**PROMPT**
In the entries below, find the line with "背带裙夏季女新款设计感小众黑白色小个子宽松格子拼接吊带连衣裙" and the line with "一同参加挂牌仪式和座谈会的还", then retype both and everything between them exactly. Do not copy the pictures.

**RECORD EXTRACTS**
★ ★ ★ ★ ★

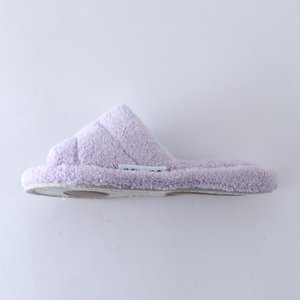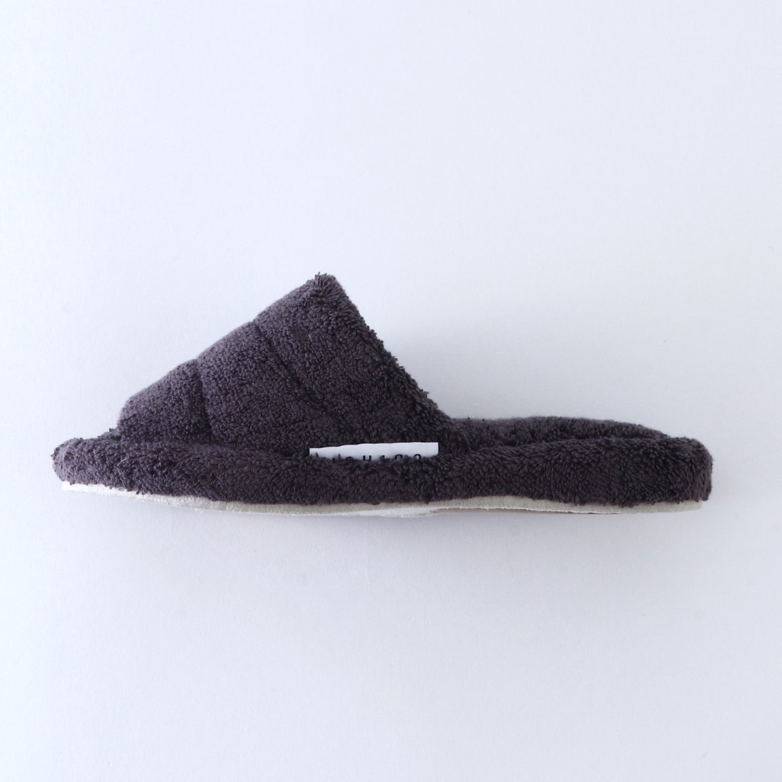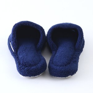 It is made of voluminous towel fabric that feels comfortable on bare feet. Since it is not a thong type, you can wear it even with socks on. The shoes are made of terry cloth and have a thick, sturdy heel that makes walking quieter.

★ ★ ★ ★ ★

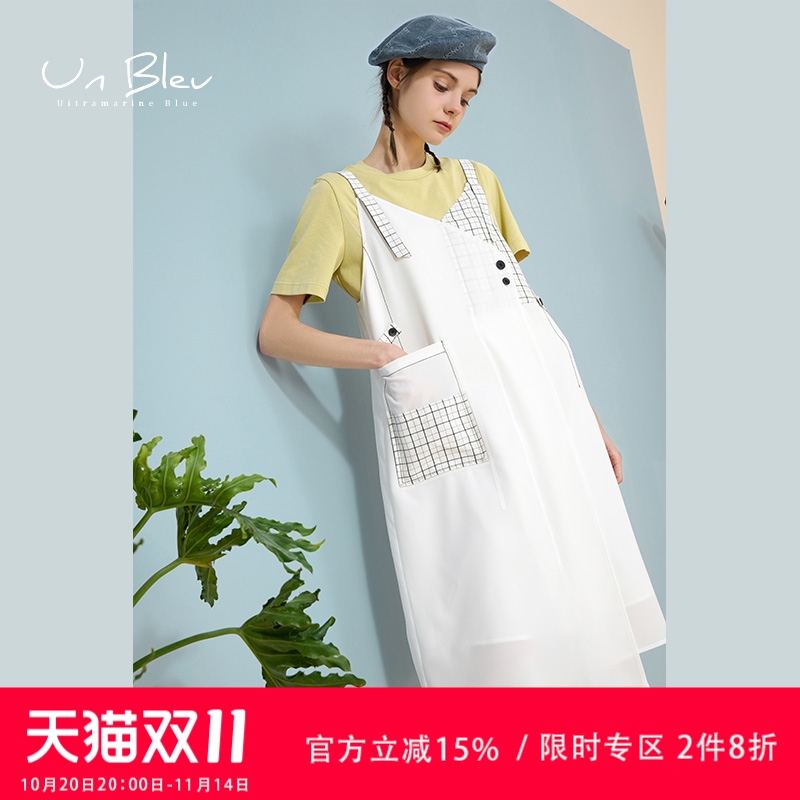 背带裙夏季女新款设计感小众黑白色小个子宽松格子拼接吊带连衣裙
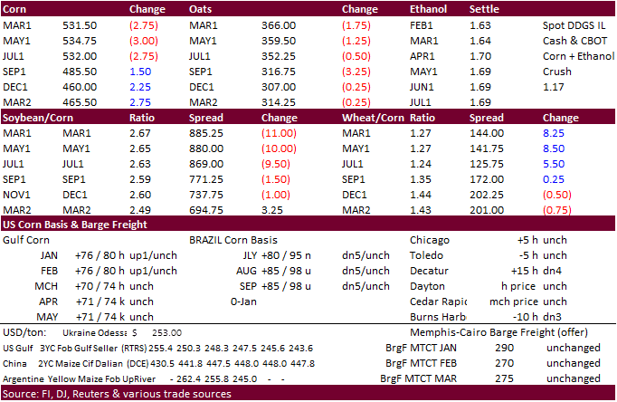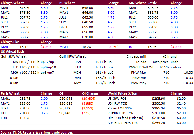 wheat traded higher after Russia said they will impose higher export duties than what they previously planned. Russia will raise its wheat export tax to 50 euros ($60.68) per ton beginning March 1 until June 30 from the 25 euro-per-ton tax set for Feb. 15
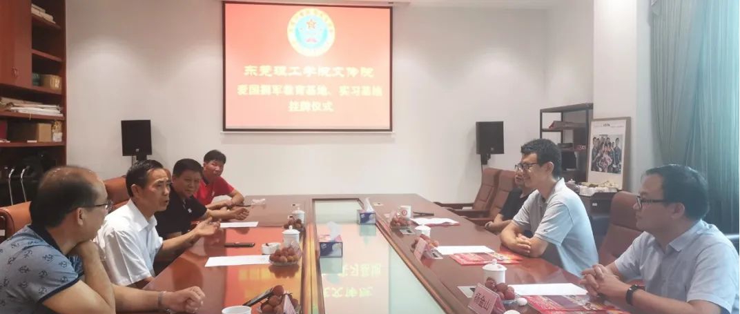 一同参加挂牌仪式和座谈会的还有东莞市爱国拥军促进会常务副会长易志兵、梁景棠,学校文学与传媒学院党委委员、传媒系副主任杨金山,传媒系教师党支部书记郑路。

★ ★ ★ ★ ★

**SOLUTION FOR THIS EXERCISE**
 背带裙夏季女新款设计感小众黑白色小个子宽松格子拼接吊带连衣裙
 wheat traded higher after Russia said they will impose higher export duties than what they previously planned. Russia will raise its wheat export tax to 50 euros ($60.68) per ton beginning March 1 until June 30 from the 25 euro-per-ton tax set for Feb. 15
 一同参加挂牌仪式和座谈会的还有东莞市爱国拥军促进会常务副会长易志兵、梁景棠,学校文学与传媒学院党委委员、传媒系副主任杨金山,传媒系教师党支部书记郑路。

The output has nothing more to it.